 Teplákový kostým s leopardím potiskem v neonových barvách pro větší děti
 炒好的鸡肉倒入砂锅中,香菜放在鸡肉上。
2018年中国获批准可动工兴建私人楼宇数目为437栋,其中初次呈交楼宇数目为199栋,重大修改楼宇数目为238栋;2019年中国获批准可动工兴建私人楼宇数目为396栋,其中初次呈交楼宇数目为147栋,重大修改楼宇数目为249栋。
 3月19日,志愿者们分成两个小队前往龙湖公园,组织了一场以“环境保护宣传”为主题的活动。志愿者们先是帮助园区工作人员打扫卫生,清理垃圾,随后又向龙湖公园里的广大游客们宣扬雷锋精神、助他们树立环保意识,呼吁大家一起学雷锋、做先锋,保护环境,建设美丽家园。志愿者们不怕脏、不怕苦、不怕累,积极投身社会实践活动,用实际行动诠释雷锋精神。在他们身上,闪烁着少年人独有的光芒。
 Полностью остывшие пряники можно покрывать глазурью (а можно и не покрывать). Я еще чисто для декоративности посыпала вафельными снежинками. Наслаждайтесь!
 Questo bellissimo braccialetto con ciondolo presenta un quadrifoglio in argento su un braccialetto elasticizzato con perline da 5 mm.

* * *

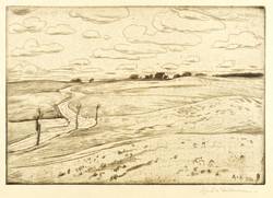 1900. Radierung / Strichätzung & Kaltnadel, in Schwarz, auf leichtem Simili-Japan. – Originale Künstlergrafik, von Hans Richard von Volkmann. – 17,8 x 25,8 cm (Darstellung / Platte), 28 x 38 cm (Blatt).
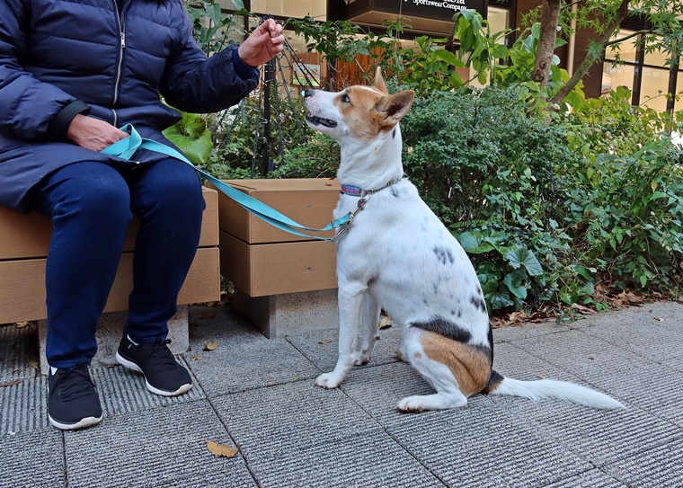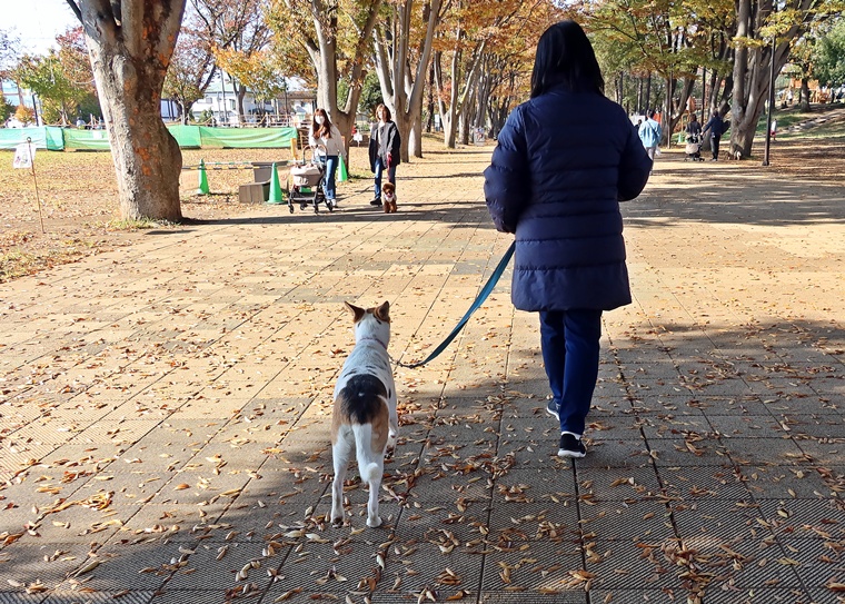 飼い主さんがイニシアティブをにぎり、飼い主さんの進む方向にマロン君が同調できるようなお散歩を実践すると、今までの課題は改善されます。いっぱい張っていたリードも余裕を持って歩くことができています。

WORK INSTRUCTIONS: Reproduce exactly the entries above, limited to the lines from the one with "2018年中国获批准可动工兴" through the one with "Questo bellissimo braccialetto", both included.

RESULT OF THIS EXERCISE:
2018年中国获批准可动工兴建私人楼宇数目为437栋,其中初次呈交楼宇数目为199栋,重大修改楼宇数目为238栋;2019年中国获批准可动工兴建私人楼宇数目为396栋,其中初次呈交楼宇数目为147栋,重大修改楼宇数目为249栋。
 3月19日,志愿者们分成两个小队前往龙湖公园,组织了一场以“环境保护宣传”为主题的活动。志愿者们先是帮助园区工作人员打扫卫生,清理垃圾,随后又向龙湖公园里的广大游客们宣扬雷锋精神、助他们树立环保意识,呼吁大家一起学雷锋、做先锋,保护环境,建设美丽家园。志愿者们不怕脏、不怕苦、不怕累,积极投身社会实践活动,用实际行动诠释雷锋精神。在他们身上,闪烁着少年人独有的光芒。
 Полностью остывшие пряники можно покрывать глазурью (а можно и не покрывать). Я еще чисто для декоративности посыпала вафельными снежинками. Наслаждайтесь!
 Questo bellissimo braccialetto con ciondolo presenta un quadrifoglio in argento su un braccialetto elasticizzato con perline da 5 mm.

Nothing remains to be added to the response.